Radio and Spectrum
Radiofrequency technologies such as wireless communications, GPS, and radar are critical to the modern way of life. These technologies enable us to connect with each other, understand our environment, and share information across vast distances.
Radios will also power the future, by being the foundational infrastructure of disruptive technologies such as self-driving cars, smart cities, and industrial IoT, allowing a high-throughput, low latency transfer of vast amounts of information.
Radio technologies rely on wireless spectrum to operate. Spectrum is a finite and fixed resource, which is regulated by governments and international agreements. Every radio application technology operates on a section of spectrum that is assigned to it based on legislation, ownership of rights to the spectrum, and suitability.
As the demand for radio technologies increases, spectrum is increasingly congested, and the usage of it requires complex techniques (such as beamforming or MIMO) to ensure adequate performance.
Today, we design our radio technology in a slow iterative manner. New concepts are explored in academic research, investigated by industry bodies, and written into the roadmaps of standards by bodies such as 3GPP and IEEE. Industries pick up these technologies as they become available, enabling new performance and new applications. Widespread radio technologies such as 802.11 (Wi-Fi) and LTE were developed in this manner. These radios are fixed-function and are designed to perform a single task, in a consistent environment, with a pre-defined level of performance.

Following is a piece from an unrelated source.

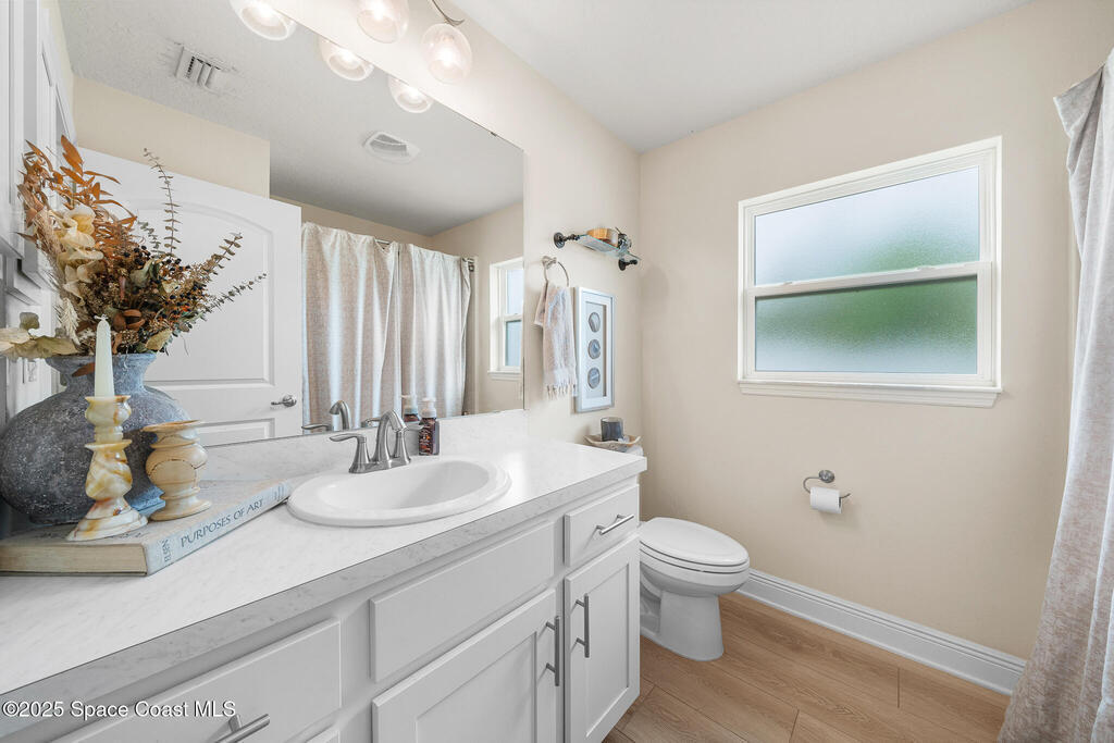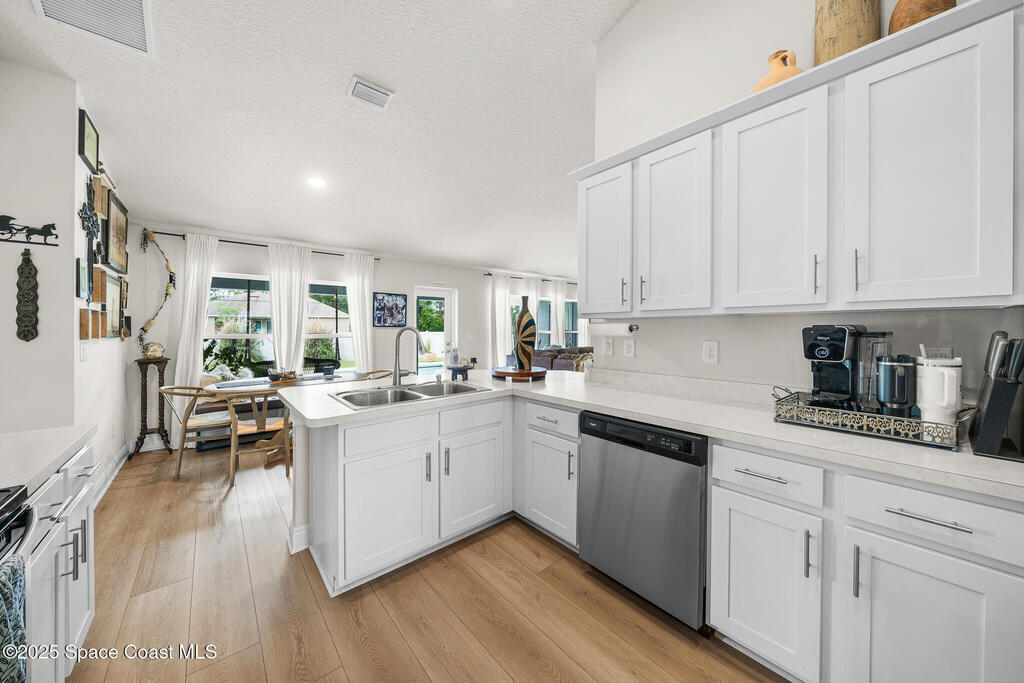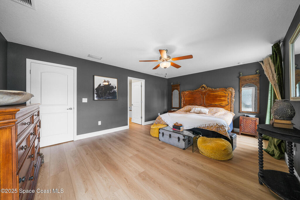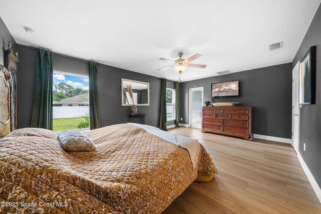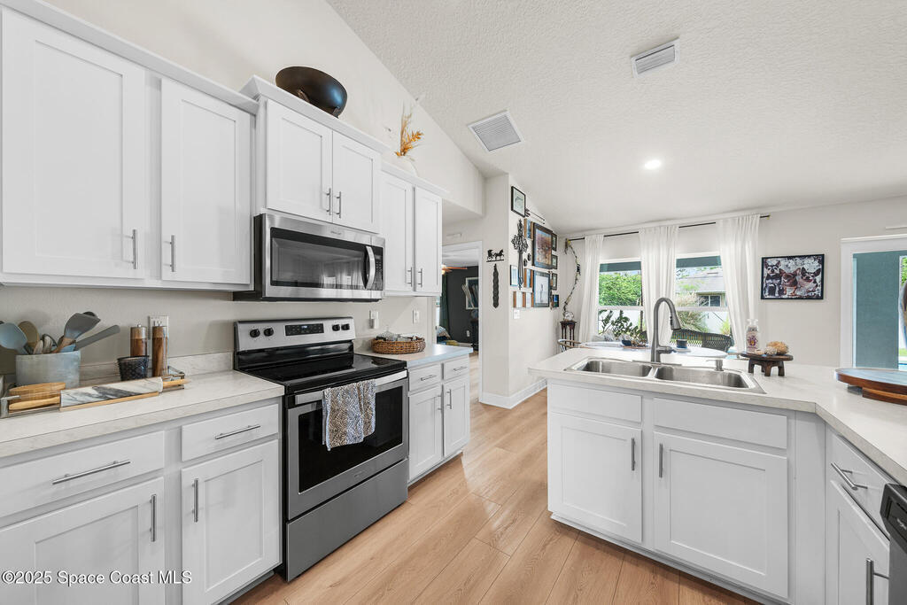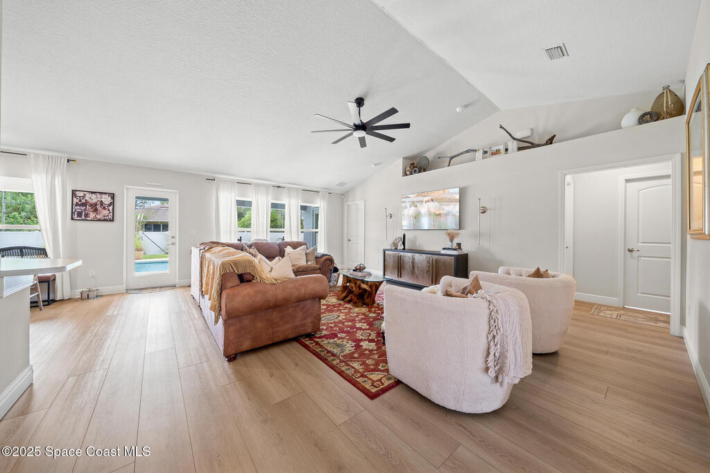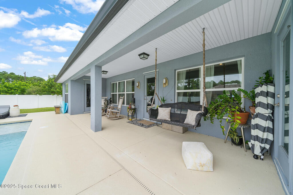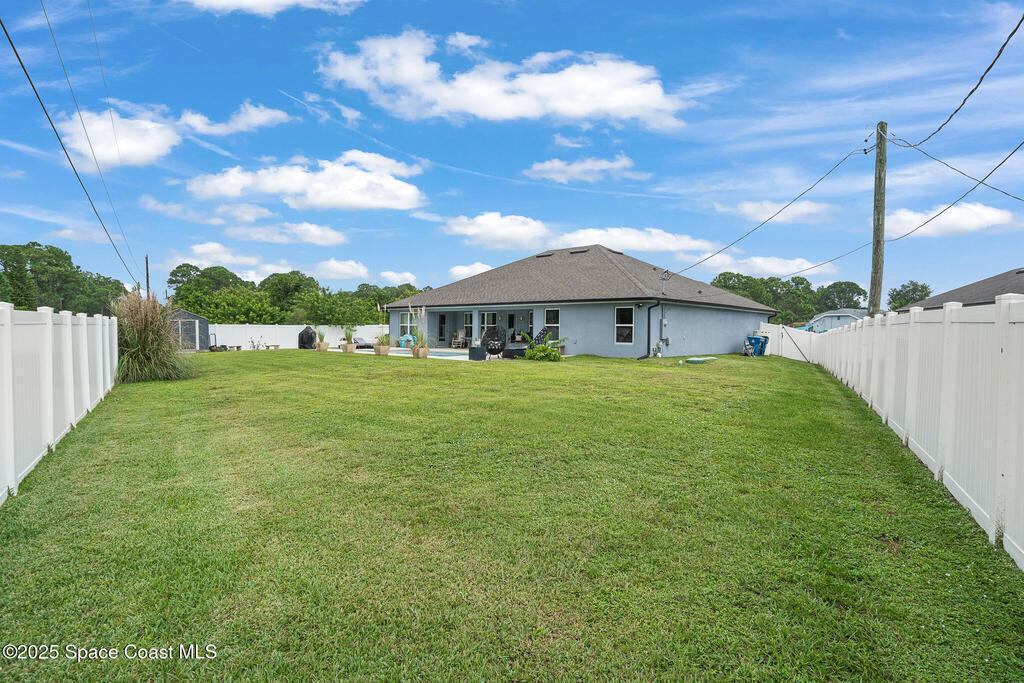 Better than new home with designer features, a POOL and NO HOA! Split floor plan with the primary and guest bedroom overlooking the pool, two more guest bedrooms on a separate hall. Primary bathroom with 2 sinks, separate soaking tub and shower, and 2 walk in closets. Versatile floor plan with a formal living room and dining room with high ceilings. The kitchen is open to the family room and both have views of the pool and fully fenced backyard. Breakfast bar and eat in kitchen nook for entertaining. Dreamy lanai for relaxing next to the salt water pool and expansive backyard. The spacious laundry room leads to an ample 2 car garage. Tucked away in Port Malabar conveniently located near schools, shops and restaurants.

But with new technologies comes increasing demand, and fixed-function radios are insufficient. Radios that can serve multiple purposes and adapt are critical to ensure the operations of technologies that rely on radio. Software-defined radios were created to solve this problem, but software-defined radios are subject to the same challenges of slow human-driven radio systems development.
What are Intelligent Radios?
Intelligent radios, which are fully autonomous AI-enabled radiofrequency systems, will be the future of wireless communications. They are able able to recognize spectral conditions, and autonomously learn how to achieve their objectives in a complex spectral environment, transmitting and receiving, and adapting on demand.
Intelligent radios will be able to:
- Perform signal processing tasks with less computational intensity or system complexity.
- Sense and adapt to changing environmental conditions, such as noise, congestion, or interference.
- Sense other radios, learn then use the protocols those devices are are using to communicate.
- Generate new communications protocols, that can transmit more information more robustly than human-designed ones.
- Propagate learned protocols with other intelligent radios.
- Collaborate with other intelligent radios to share available spectrum, or to adapt around evolving conditions.
As our need for radio technologies scales and becomes more complex, intelligent radio technologies will ensure our radio infrastructure can keep up with demand. Intelligent radios will enable smart cities, self-driving cars, Industrial IoT, and future 6G networks.
Building Intelligent Radios
Like other AI-based and autonomous technologies, the development of intelligent radio technology will be an iterative challenge.
Today, machine learning technology is used to build “passive” intelligent radios, devices that can passively sense activity on spectrum. In the near-term, as technical challenges are overcome, intelligent radios will gain the skill of autonomously manipulating some of their transmit behaviours. In the future, technology will advance to the point of general radio intelligence, where devices will be fully interoperable, communicating without any human involvement.
Qoherent’s Radio Intelligence Apps
Qoherent is building the Radio Intelligence Apps platform (RIA) to drive the creation of intelligent radios as part of more robust, aware, and adaptive wireless communications systems.
RIA is an AI development automation platform for engineers who are building next-generation wireless communications technologies, which rely heavily on machine learning. RIA bridges the gap between expert-designed signal processing and machine learning workflows, helping save time and engineering resources in the deployment of machine learning into radio. RIA consists of tools for signal synthesis, dataset curation, naive model training, model testing, and model integration for a range of sensing tasks, such as classification, filtering, segmentation, and detection. RIA is an automated machine learning operations environment, that enables engineers to build, deploy, and retrain prediction services to cloud and edge.